Concern over the court’s direction is expected to be a theme at Sunday’s Pride Parade in Chicago. Camilla Taylor, deputy legal director for litigation in the Midwest office of Lambda Legal, called the Dobbs decision “deeply threatening” to LBGT protections, particularly for people of color, transgender and gender-nonconforming people.

“Our focus today is on damage done by a travesty of a decision, and we will work in future days to make sure the protections for LGBT people are not rolled back,” she said.

Mony Ruiz-Velasco, deputy director of Equality Illinois, an organization that works to advance rights for LGBTQ+ people, said the court appears poised to go after “many other rights that hinge on privacy rights,” including long-held protections for the LGBTQ+ community.

“I can tell you, based on conversations I’ve been having throughout the day, even though many of us were expecting the decision … it doesn’t hurt less to see it in writing and to see our country moving backward,” Ruiz-Velasco said.

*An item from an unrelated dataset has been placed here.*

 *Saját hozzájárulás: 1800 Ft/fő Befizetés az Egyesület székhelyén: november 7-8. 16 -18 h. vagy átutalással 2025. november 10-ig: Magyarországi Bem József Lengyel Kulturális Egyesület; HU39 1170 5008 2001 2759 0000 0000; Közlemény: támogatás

Ruiz-Velasco encouraged people to get organized to fight to both protect current rights and expand protections, even in progressive states.

She said Equality Illinois has been working with the state’s lawmakers to remove obstacles for obtaining a legal name change. She noted that Congress could pass a marriage equality law to protect it from a Supreme Court reversal.

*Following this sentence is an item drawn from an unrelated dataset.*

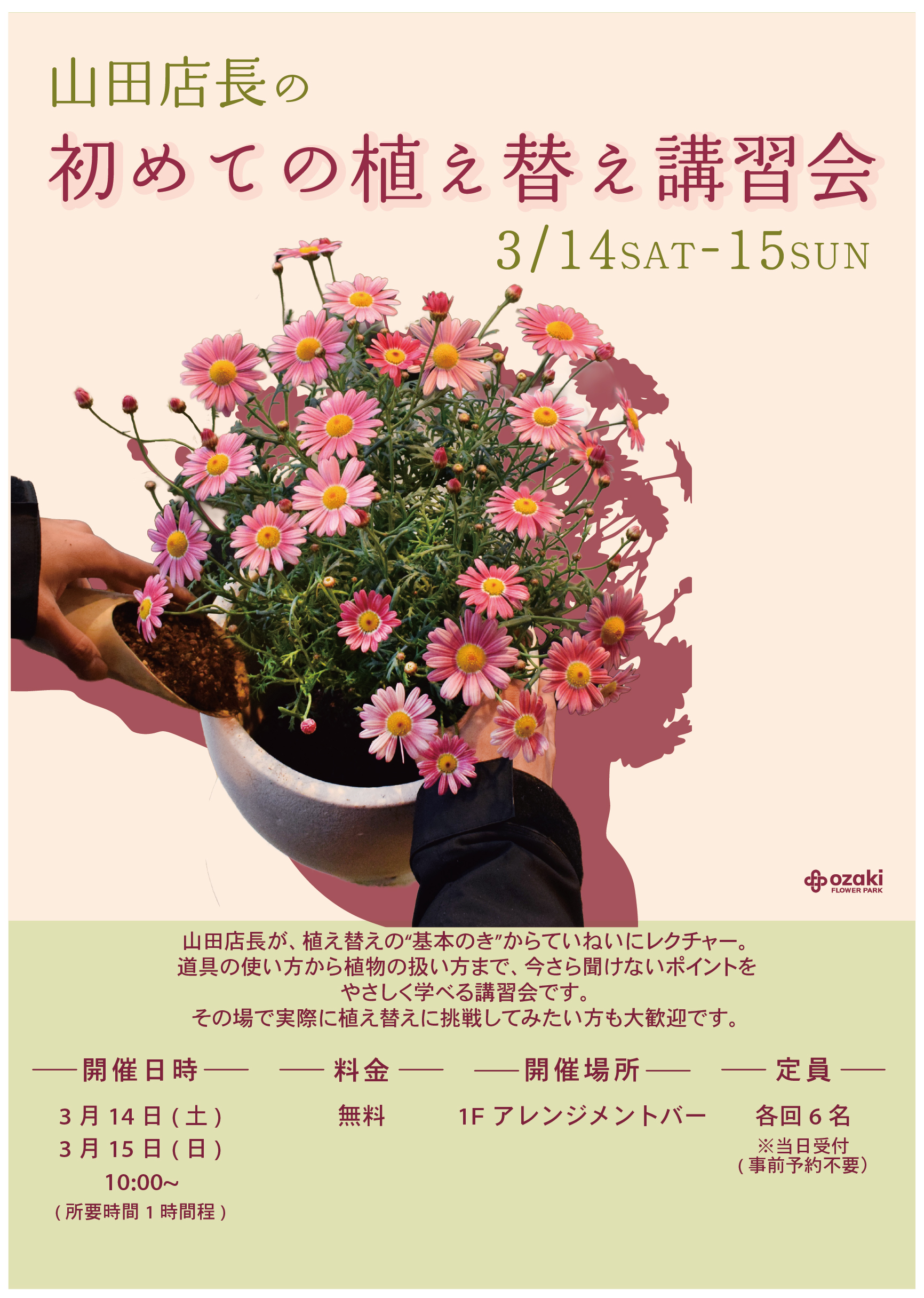 山田店長が、植え替えの”基本のき”からていねいにレクチャー。 道具の使い方から植物の扱い方まで、今さら聞けないポイントをやさしく学べる講習会です。 その場で実際に植え替えに挑戦してみたい方も大歓迎です。

As for contraception, lawmakers in several states have tried to ban IUDs and the so-called morning-after pill, which they see as tantamount to abortion. Some have indicated they might try again.

Andrea Tone, a history professor at Quebec’s McGill University and author of “Devices and Desires: A History of Contraceptives in America,” said the lack of universally legal birth control prior to the Supreme Court’s intervention resulted in unplanned pregnancies, illegal abortions and the use of ineffective over-the-counter methods.

“We often think of the 1960s as an era of sexual freedom and liberty, but that’s not how all Americans experienced it,” she said. “I interviewed one woman who lived in Massachusetts in the 1960s, and she hadn’t heard of the pill before she got pregnant.”

Legal experts interviewed by the Tribune knew of no cases in the pipeline that could overturn the decisions identified by Thomas. But Steven Schwinn, a professor at the University of Illinois Chicago School of Law, said it’s likely conservative states will start looking for test cases.

“We may see states start to enact laws that ban same sex marriage or restrict contraception or criminalize certain consensual adult sexual behavior in a way that’s designed to tee up a case like that,” he said. “I fully expect state legislations will move in that direction very quickly.”

Chicago’s Thomas More Society, a conservative legal organization that protested the Obergefell decision as “sheer judicial activism and politics run amok,” declined to comment on whether it should be revisited.

“Today is about the binding majority opinion, not the various concurrences and dissents,” senior counsel Peter Breen said in a statement. “As for Justice Thomas, he agreed that the majority opinion — which he joined — doesn’t impact any of those other decisions, as abortion is unique because there are two lives involved.”

Northwestern University law professor Ronald Allen said he didn’t think the court decisions dealing with same-sex marriage and consensual sexual relations were in jeopardy, given the broad range of legal issues entwined within them.

“These cases involve subtle and complex and ambiguous questions,” he said. “They won’t be straightforward or able to be dispatched with a magic bullet.”

He identified a different decision the justices might go after — Miranda v. Arizona, which requires police to advise suspects of their right to remain silent (the court put new limits on it Thursday). That has been a longtime target of conservative lawmakers, he said, and like Roe, it has been criticized as an example of legislating from the bench.

While Illinois and other blue states have strong abortion protections, some Republicans have said they want to push for a national ban. Case said the Dobbs decision doesn’t rule that out.

“(The conservative majority) is now at the point where the raw exercise of power is enough for them,” she said. “Giving reasons, let alone good ones, doesn’t seem to be part of the project.”

Tribune reporter Angie Leventis Lourgos contributed.